Viking Therapeutics (NASDAQ:VKTX), a small-cap metabolic disease specialist, has watched its shares climb by an eye-popping 183% so far this year. The drugmaker's stock has bounded higher in sympathy with Madrigal Pharmaceuticals (NASDAQ:MDGL), thanks to the growing interest in all things related to the liver disease known as nonalcoholic steatohepatitis (NASH).
The bare-bones version of the story is that Madrigal's midstage NASH drug, MGL-3196, shares a similar mechanism of action with Viking's VK2809. Viking's drug is presently in an ongoing midstage trial as a treatment for primary hypercholesterolemia and non-alcoholic fatty liver disease -- two conditions that go hand in hand with NASH. So when MGL-3196 hit on all of its key endpoints earlier this year, Viking's shares jumped on the premise that VK2809 would also produce a favorable clinical profile when its midstage trial wraps up later this fall.
Nonetheless, Viking's stock is still probably deeply undervalued at these levels, and perhaps ridiculously so. Here's why.
Two major incoming catalysts
First up, investors are keenly looking forward to the readout of VK2809's midstage trial for for primary hypercholesterolemia and non-alcoholic fatty liver disease. Per the company's latest comments, these data are likely to hit the wires sometime around October or November, but there's an outside chance that they may arrive even sooner.

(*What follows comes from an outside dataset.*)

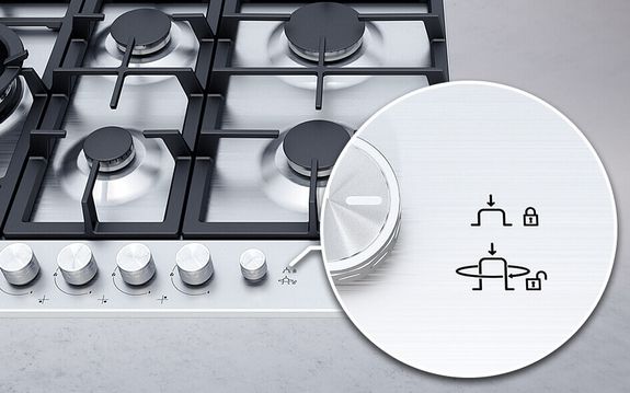 Головний перемикачЦя функція дозволяє вимкнути всі запалені конфорки одночасно. Це особливо корисно, наприклад, коли вирушаєте у відпустку, тоді з міркувань безпеки ви можете легко вимкнути подачу газу на плиту. Його також можна використовувати як блокування від дітей.

If these data are positive, Viking's stock should shoot higher. After all, Viking's current market cap of $696 million is a mere fraction of Madrigal's towering $3.73 billion market cap. And even if the market decides to punish Viking for being a latecomer to the party, a positive trial outcome should still provide a major boost to the biotech's valuation. How much of a boost will obviously depend on how VK2809 stacks up against MGL-3196, but the potential for a sizable gain is definitely within the realm of possibility once these data are a known quantity.
While the excitement surrounding VK2809 is certainly justified based on the projected growth profile of the NASH market, Viking has yet another major incoming clinical catalyst that's arguably being overlooked by investors and the market alike. Specifically, the company is set to provide another clinical update for the small molecule selective androgen receptor modulator VK5211 at the upcoming American Society for Bone and Mineral Research meeting being held from Sept. 28 to Oct. 1 in Montreal, Canada.
The lowdown is that VK5211 has blockbuster sales potential in its own right, and it already produced stellar midstage results late last year. To maximize the drug's value to shareholders, Viking is reportedly engaging in partnership talks to advance VK5211's clinical program. In fact, the company could very well announce a licensing deal for this second blockbuster candidate before the end of the third quarter.
Time to buy?
Admittedly, Viking remains a speculative play. Its most valuable asset (VK2809) is still a month or two away from a key trial readout, and the company has yet to strike a licensing deal for VK5211 -- even though the drug's midstage trial results are now 10 months old. Viking's rather favorable risk-to-reward ratio, however, is hard to ignore.
The company could arguably have VK2809 totally fail in its midstage trial and its shares would still be undervalued based on just VK5211's commercial potential. That's a rare occurrence within the risky sphere of clinical-stage biotechs. As such, investors comfortable with elevated levels of risk might want to start building a position in this promising biotech soon.